Die heutigen Tageszeitungen setzen wieder einmal LH Doskozil als gewagten Achterbahnfahrer in Szene. Völlig überraschend wechselt er heute die Seiten und spricht sich plötzlich gegen die geplante Impfplicht aus.

Wieder einmal lässt der burgenländische Landeshauptmann mit einer völligen Kehrtwende aufhorchen, indem er sich auf einmal gegen die geplante Impfplicht und für kostenpflichtige PCR-Tests für Ungeimpfte ausspricht: „Doskozil wechselt seine Meinung mittlerweile öfters als andere Menschen ihre Unterwäsche. Bis dato hat er - gleich wie die Bundes-SPÖ - die Impfpflicht forciert.
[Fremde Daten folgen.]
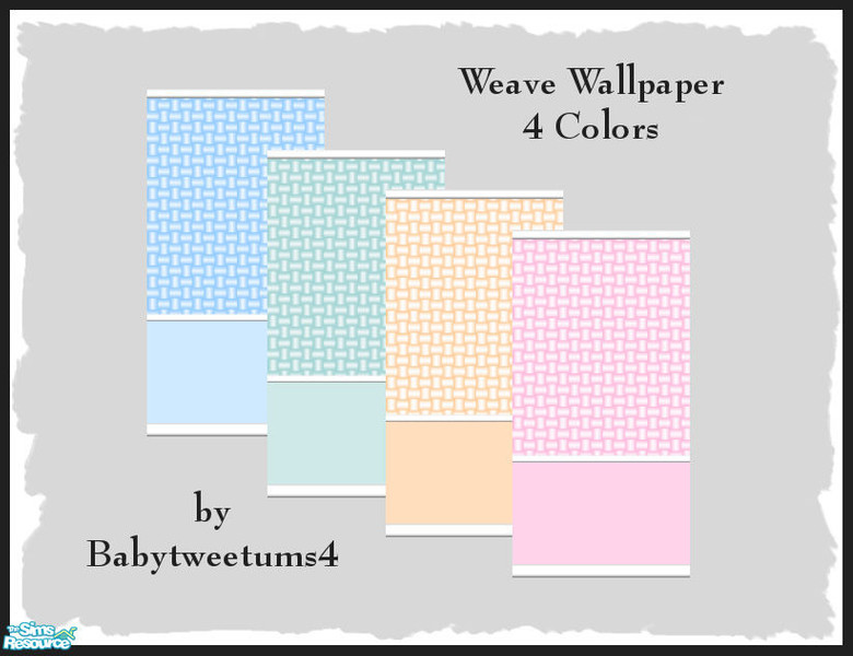 This wallpaper has a weave pattern in four colors blue, green, peach and pink. Also look for the matching carpet.

Und jetzt, wo er - wohl gestützt auf Meinungsumfragen - erkennt, dass die FPÖ mit ihren fundierten Bedenken vollkommen Recht hatte, fällt er um und spricht sich plötzlich auch dagegen aus. Ich freue mich ja grundsätzlich auch über späte Einsichten! Man muss aber schon fragen, was das für ein Regierungschef ist, der ständig, um nicht sogar zu sagen tagtäglich, seine Meinung um 180 Grad ändert? Soll das der Bevölkerung Sicherheit geben? In Zeiten wie diesen, wo die Bundesregierung wöchentlich alle Maßnahmen umkrempelt und planlos herumirrt, braucht die Bevölkerung nichts dringender als Stabilität und vor allem Politiker, auf deren Wort man sich verlassen kann!“, so der freiheitliche Landesparteiobmann Alexander Petschnig.

 

„Nach Lektüre der heutigen Zeitungen fragen sich alle, wie lange es wohl dauern möge, bis er wieder aus einer Laune heraus umschwenkt? Denn schon in der Vergangenheit hat Doskozil bewiesen, dass seine Ankündigungen nichts anderes sind als Seifenblasen, die immer binnen kurzer Zeit zerplatzen. Das Burgenland hatte nach seiner Lotterie die höchste Impfquote vorzuweisen, bekam aber trotzdem nicht die von ihm hoch und heilig versprochenen Lockerungen. Im Gegenteil: Doskozil kündigte im vorauseilenden Gehorsam - entgegen seinem davor gegebene Versprechen und noch vor den Ankündigungen der ominösen GECKO-Kommission - drastische Verschärfungen an! Die Impfwilligen wurden auf diese Weise wie zuvor schon die Commerzialbank-Geschädigten getäuscht, wo er auch großspurig Klagen ankündigte, ohne zu berücksichtigen, dass schon im U-Ausschuss sonnenklar war, dass der Bund nicht für die Fehler von Vorständen, Aufsichtsräten und Abschlussprüfern haften wird. Solche vollmundigen Ankündigung bringen Doskozil zwar immer wieder auf die Titelblätter der Zeitungen, bei den Menschen hinterlassen sie aber nur das schale Gefühl, vom Landeshauptmann ein ums andere mal im Stich gelassen zu werden“, so Petschnig.

 

„Kostenpflichtige PCR-Tests sind der nächste Humbug aus dieser Kategorie. Jeder Österreicher zahlt hohe SV-Beiträge, und jetzt sollen die Bürger noch extra für PCR-Tests bezahlen, deren Gültigkeit Doskozil willkürlich und ohne jede medizinische Begründung herabsetzt? Die FPÖ erteilt dieser Entsolidarisierung und vorsätzlichen Spaltung der Gesellschaft eine unmissverständliche Absage! Allerdings werden wir sehen, wie lange es dauern wird, bis auch diese Ansage von Doskozil zerplatzt und er den nächsten Haken schlägt. Allzu ernst kann man die Worte des Landeshauptmannes mittlerweile nicht mehr nehmen!“, so Petschnig abschließend.